Look through the data below and output, unchanged, every line from the one holding "Outseam (cm) 99" through the one holding "今日の1年生は、初めての給食", inclusive. Skip the pictures.

(Beginning of RECORD EXTRACTS)

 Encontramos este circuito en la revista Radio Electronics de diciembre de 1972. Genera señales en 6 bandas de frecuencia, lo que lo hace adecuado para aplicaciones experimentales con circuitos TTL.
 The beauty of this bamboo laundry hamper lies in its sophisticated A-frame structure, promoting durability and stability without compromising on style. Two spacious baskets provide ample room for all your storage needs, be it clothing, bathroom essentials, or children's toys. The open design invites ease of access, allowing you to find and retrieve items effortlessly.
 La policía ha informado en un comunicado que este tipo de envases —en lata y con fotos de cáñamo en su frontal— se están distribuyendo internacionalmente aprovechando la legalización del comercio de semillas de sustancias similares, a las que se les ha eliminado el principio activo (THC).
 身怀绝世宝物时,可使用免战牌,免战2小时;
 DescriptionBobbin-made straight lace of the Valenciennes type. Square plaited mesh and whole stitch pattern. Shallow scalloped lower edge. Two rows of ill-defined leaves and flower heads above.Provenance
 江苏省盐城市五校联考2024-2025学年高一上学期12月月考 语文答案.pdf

(End of RECORD EXTRACTS)
(Beginning of RECORD EXTRACTS)

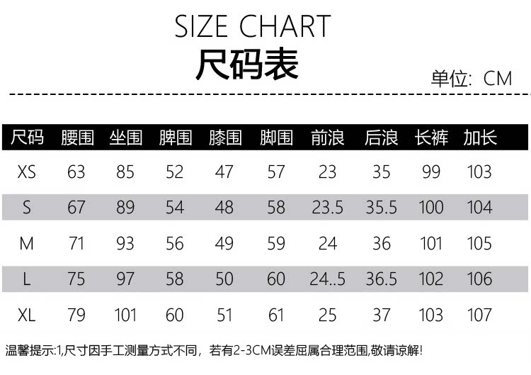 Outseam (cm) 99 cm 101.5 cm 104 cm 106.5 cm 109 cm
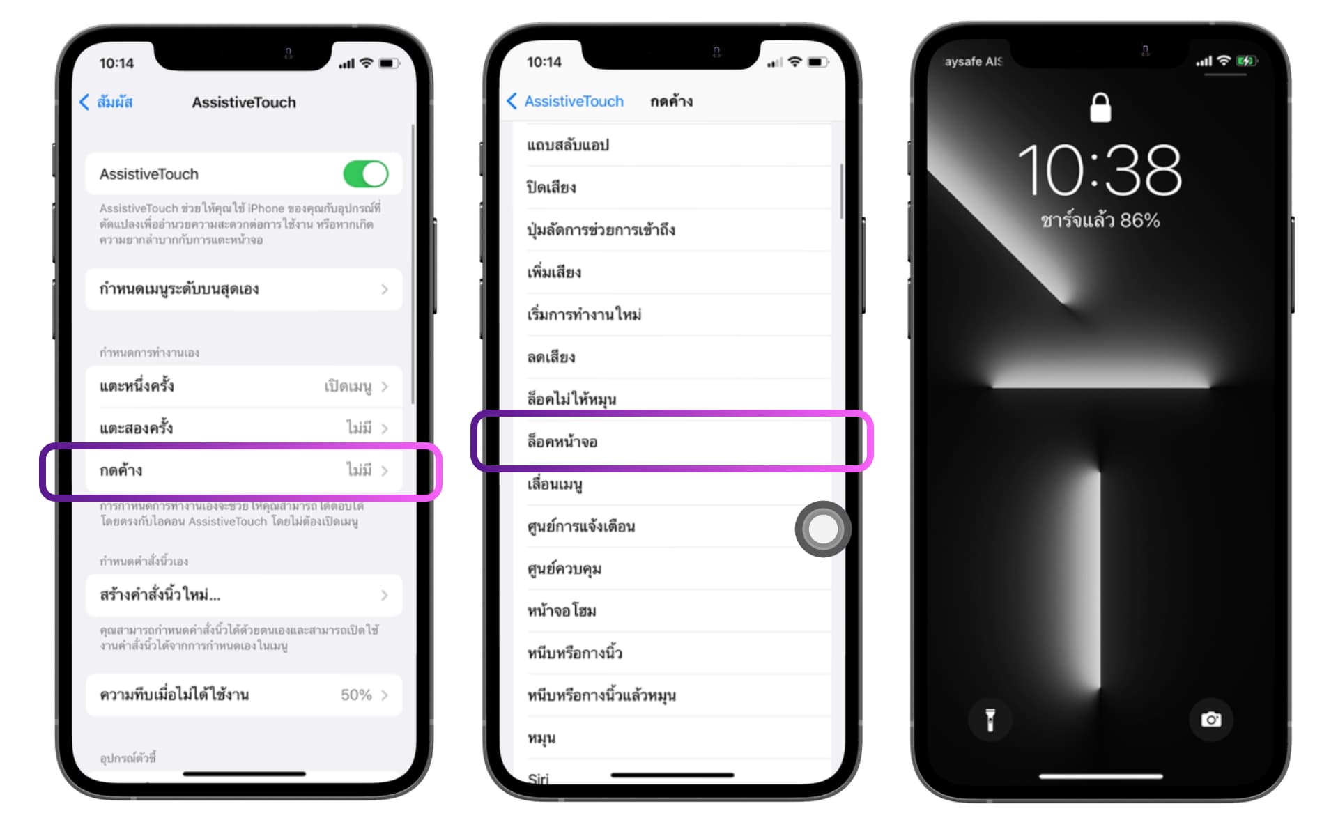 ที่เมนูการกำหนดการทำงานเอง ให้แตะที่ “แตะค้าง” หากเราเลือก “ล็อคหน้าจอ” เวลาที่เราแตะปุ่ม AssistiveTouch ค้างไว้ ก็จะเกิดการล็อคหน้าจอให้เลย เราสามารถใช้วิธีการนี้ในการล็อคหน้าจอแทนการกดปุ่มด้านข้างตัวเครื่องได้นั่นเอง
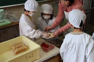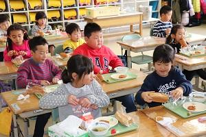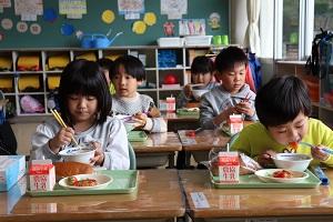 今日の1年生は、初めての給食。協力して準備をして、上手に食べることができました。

(End of RECORD EXTRACTS)
(Beginning of RECORD EXTRACTS)

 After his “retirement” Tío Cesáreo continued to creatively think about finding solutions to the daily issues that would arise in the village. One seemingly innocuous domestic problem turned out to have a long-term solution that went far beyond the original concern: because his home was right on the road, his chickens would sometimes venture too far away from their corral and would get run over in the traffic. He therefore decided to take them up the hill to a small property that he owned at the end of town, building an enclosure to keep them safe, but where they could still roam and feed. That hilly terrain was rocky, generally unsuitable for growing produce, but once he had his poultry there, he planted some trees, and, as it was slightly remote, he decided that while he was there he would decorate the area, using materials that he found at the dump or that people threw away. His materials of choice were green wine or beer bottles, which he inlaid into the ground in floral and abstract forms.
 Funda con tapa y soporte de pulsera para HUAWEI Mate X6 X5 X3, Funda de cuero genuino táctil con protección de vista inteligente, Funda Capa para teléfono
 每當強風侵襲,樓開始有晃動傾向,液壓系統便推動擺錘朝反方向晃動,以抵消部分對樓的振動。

(End of RECORD EXTRACTS)

> **TASK RESULT**
 Outseam (cm) 99 cm 101.5 cm 104 cm 106.5 cm 109 cm
 ที่เมนูการกำหนดการทำงานเอง ให้แตะที่ “แตะค้าง” หากเราเลือก “ล็อคหน้าจอ” เวลาที่เราแตะปุ่ม AssistiveTouch ค้างไว้ ก็จะเกิดการล็อคหน้าจอให้เลย เราสามารถใช้วิธีการนี้ในการล็อคหน้าจอแทนการกดปุ่มด้านข้างตัวเครื่องได้นั่นเอง
 今日の1年生は、初めての給食。協力して準備をして、上手に食べることができました。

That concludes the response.